How to Add LLM Observability and Tracing to Your TypeScript AI App with Langfuse

Friday 17/04/2026

·12 min read

Your AI feature works in development. Users are hitting it in production. But you have no idea what's actually happening inside those LLM calls. A user reports the chatbot gave a wrong answer yesterday — which prompt fired? What context was retrieved? How many tokens did it burn? You check your logs and find... nothing useful.

This is the observability gap that kills AI features in production. Traditional logging tells you that something happened. LLM tracing tells you why — every prompt, every completion, every tool call, every retrieval step, with timing and cost data attached. Langfuse is an open-source LLM observability platform (recently acquired by ClickHouse) that gives you this visibility without vendor lock-in.

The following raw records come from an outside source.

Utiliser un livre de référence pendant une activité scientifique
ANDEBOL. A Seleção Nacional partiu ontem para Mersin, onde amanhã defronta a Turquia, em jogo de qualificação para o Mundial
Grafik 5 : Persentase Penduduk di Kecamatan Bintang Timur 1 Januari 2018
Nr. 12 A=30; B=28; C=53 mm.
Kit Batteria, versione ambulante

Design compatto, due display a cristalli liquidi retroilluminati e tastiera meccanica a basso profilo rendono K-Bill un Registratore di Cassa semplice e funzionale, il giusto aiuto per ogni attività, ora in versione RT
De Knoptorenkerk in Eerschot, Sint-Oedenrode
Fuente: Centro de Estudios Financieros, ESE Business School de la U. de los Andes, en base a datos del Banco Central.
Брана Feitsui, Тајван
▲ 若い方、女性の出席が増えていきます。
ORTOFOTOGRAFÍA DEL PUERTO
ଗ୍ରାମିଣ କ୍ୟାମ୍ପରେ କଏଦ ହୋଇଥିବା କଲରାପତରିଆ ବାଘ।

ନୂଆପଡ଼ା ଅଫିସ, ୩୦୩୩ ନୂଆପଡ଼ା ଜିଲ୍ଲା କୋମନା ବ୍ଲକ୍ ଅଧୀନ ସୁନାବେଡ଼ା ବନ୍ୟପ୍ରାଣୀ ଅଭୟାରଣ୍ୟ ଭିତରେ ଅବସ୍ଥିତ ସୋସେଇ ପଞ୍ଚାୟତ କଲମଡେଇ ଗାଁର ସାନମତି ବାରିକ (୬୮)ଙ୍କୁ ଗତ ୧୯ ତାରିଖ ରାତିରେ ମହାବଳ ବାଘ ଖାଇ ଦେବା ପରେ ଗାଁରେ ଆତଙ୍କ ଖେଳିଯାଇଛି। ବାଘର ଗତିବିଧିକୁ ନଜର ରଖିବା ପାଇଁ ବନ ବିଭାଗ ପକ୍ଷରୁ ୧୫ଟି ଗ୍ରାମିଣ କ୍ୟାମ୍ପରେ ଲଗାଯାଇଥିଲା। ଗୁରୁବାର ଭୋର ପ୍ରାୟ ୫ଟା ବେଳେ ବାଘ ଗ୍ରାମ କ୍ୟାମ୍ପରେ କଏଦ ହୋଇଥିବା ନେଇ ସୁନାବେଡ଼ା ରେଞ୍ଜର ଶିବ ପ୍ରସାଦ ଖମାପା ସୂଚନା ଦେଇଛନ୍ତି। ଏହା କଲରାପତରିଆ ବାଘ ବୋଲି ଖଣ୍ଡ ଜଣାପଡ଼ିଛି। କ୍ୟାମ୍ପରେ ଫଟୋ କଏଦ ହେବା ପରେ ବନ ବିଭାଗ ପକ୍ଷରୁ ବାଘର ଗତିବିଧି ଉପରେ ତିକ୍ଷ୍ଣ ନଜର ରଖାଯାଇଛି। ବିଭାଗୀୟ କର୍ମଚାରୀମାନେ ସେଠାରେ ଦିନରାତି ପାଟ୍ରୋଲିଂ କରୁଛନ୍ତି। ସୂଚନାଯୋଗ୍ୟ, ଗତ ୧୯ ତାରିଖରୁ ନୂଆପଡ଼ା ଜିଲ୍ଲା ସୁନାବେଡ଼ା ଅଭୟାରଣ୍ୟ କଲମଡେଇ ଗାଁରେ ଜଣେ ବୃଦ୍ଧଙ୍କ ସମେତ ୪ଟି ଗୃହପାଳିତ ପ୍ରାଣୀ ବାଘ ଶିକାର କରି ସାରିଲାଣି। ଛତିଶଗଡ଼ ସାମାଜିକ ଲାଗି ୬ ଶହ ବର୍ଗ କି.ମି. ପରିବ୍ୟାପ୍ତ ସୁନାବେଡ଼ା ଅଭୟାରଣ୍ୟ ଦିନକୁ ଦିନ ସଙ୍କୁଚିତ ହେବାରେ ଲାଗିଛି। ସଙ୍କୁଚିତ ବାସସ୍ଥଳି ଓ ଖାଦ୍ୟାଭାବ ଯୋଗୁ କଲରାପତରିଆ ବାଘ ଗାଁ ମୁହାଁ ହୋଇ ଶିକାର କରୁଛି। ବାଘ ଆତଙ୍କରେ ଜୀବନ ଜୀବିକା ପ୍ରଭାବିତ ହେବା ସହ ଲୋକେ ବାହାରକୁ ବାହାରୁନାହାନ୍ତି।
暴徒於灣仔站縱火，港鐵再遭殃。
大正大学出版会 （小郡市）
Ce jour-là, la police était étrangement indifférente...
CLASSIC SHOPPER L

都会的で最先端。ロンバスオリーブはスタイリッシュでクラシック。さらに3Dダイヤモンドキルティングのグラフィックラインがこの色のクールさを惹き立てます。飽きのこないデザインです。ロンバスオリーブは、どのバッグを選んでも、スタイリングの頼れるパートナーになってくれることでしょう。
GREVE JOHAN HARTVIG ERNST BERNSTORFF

Why Langfuse over other options

There are several LLM observability tools out there — LangSmith, Helicone, Braintrust. Here's why Langfuse is my pick for TypeScript apps:

Open source — self-host or use their cloud. No vendor lock-in
First-class Vercel AI SDK integration — one-line setup if you're already using ai
Provider-agnostic — works with Claude, OpenAI, Gemini, local models, anything
ClickHouse-backed analytics — fast queries over millions of traces
Cost tracking — automatic token counting and cost calculation per model

Setting up the project

We'll add Langfuse tracing to a Vercel AI SDK app that uses Claude with tool calling. If you have an existing AI SDK app, you can skip the scaffolding and jump to the integration.

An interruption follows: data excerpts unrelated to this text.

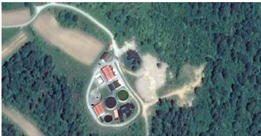
Položaj UPOV-a Ogulin i razmještaj građevina

Među građevinama ističe se upravna zgrada, smještena na sjevernome dijelu lokacije, a u njoj se nalaze oprema za nadzor, upravljanje i održavanje UPOV-a, laboratorij i soba za sastanke. Radi se o
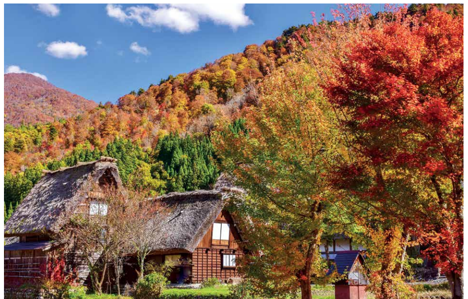
Herbststimmung in den japanischen Alpen bei Shirakawa-go

Zwei volle Tage widmen wir uns dem reichen kulturellen Erbe der ehemaligen Kaiserstadt. Wir werden uns für die Entdeckungen Zeit und Musse lassen und dabei einige der bekanntesten kulturellen Schätze Japans kennenlernen. Unter anderem besuchen wir den goldenen Tempel Kinkaku-ji, lassen den unergründlichen Zen-Garten des Ryoan-ji auf uns wirken und wandeln durch den Nachtigallen-Flur der Burg Nijo-jo. Zudem gibt es etwas Freiraum für Entdeckungen und Einkäufe in Eigenregie.
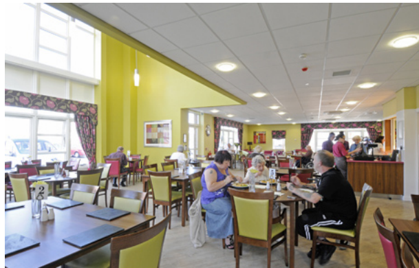
Llys Enfys yn Llanisien, Caerdydd (Linc Cymru)

Er bod yna nifer sylweddol o gynlluniau tai gofal ychwanegol wedi'u datblygu yn y blynyddoedd diwethaf, gydag ond nifer fechan ar y gweill, mae'n parhau i fod yn faes o wasanaeth sy'n gymharol anghyffwrdd o ran ei botensial fel opsiwn tai, gofal a chymorth i bobl hŷn yng Nghymru. Mae hyn yn neilltuol o wir am berchen-feddianwyr, y gall rhai ohonynt fod yn bwriadu gwneud dewis ffordd o fyw drwy "leihau maint", ond mae hefyd yn gweddu i'r rheiny fyddai'n ceisio rhyw fath o opsiwn tai cymdeithasol
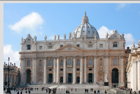
RIM - BAZILIKA SVETEGA PETRA
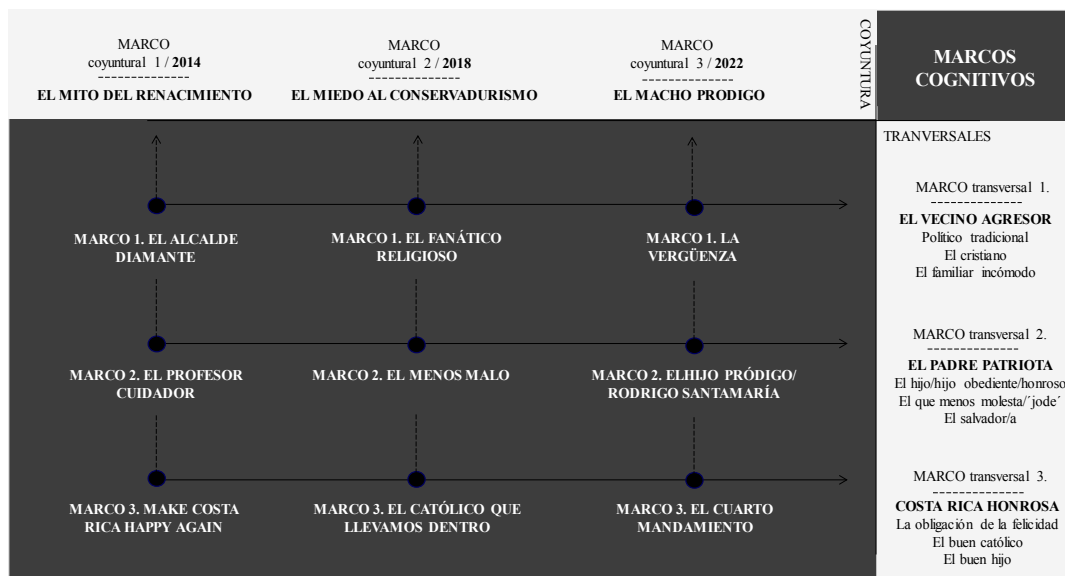
Figura 6. Conexión de los marcos coyunturales y transversales según los marcos identificados en cada período electoral, 2014, 2018, 2022

(que se presenta como no conservador, o menos conservador) y modernidad moderada en Costa Rica. Por último, el “macho prodigo”, que es la figura que vuelve a casa, y que después de haber logrado cierto reconocimiento internacional, vuelve como un decoroso hijo. Además, las consignas apelaban a la figura de un hombre fuerte, connotando la idea de un macho. Rodrigo Chaves era percibido por algunos sectores como un hombre en el sentido de ser directo y firme en su comportamiento, y por otro, encarnaba la figura de macho tradicional, caracterizado por actitudes agresivas e insolentes, con denuncias de acoso sexual. Para ver la conexión cronológica y que conecta lo coyuntural con lo transversal véase la figura 6.
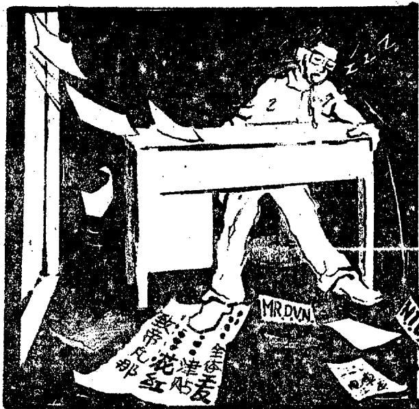
1. 「唔唔……无了生路，不行！不行！」
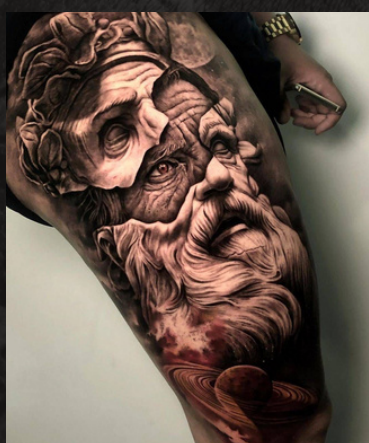
BLACK AND GRAY

SI AÚN TIENES DUDAS SOBRE EL ESTILO QUE QUIERES, TE RECOMIENDO QUE TE MIRES AL ESPEJO Y PIENSES EN COMO DESEAS VISUALIZAR ESTE FUTURO TATUAJE, EXISTEN DISTINTOS ESTILOS EN EL MUNDO DEL TATUAJE.
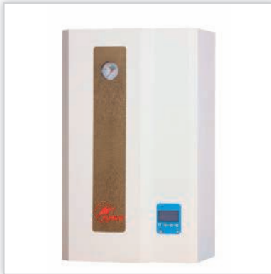
ELTERM, seria GoldLine, elektryczny kocioł centralnego ogrzewania „Pułkownik”. Do pracy samodzielnej, zabudowane naczynie przeponowe c.o. 8 l, pompa c.o. oraz armatura hydrauliczna; sterowanie pogodowe, wyświetlacz LCD; wbudowane programowanie tygodniowe. Moce [kW]: 4-24. Waga [kg]: 25. Wymiary (wys./szer./gł.) [cm]: 68/41/27. Cena katalogowa netto [zł]: od 2700.
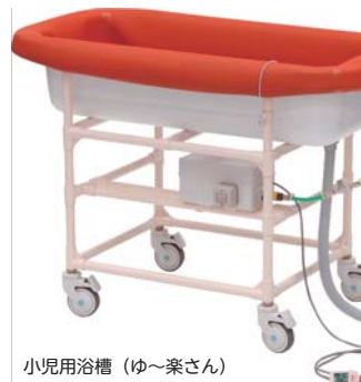
小児用浴槽 (ゆ〜楽さん)
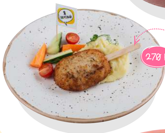
К уриная котлетка с гарниром на ваш выбор: картофель фри, картофельное пюре, спагетти 200 г
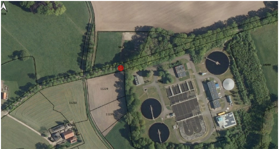
Figuur 5: Ligging van de solitaire eik die aanvullend wordt gekapt en gecompenseerd.

mkdir ai-app-with-tracing && cd ai-app-with-tracing
pnpm init
pnpm add ai @ai-sdk/anthropic langfuse zod
pnpm add -D typescript @types/node tsx

// tsconfig.json
{
    "compilerOptions": {
        "target": "ES2022",
        "module": "Node16",
        "moduleResolution": "Node16",
        "outDir": "./dist",
        "strict": true,
        "esModuleInterop": true,
        "skipLibCheck": true
    },
    "include": ["src/**/*"]
}

Set up your environment variables:

# .env
ANTHROPIC_API_KEY=sk-ant-...
LANGFUSE_SECRET_KEY=sk-lf-...
LANGFUSE_PUBLIC_KEY=pk-lf-...
LANGFUSE_BASEURL=https://cloud.langfuse.com

You get the Langfuse keys from cloud.langfuse.com after creating a project, or from your self-hosted instance.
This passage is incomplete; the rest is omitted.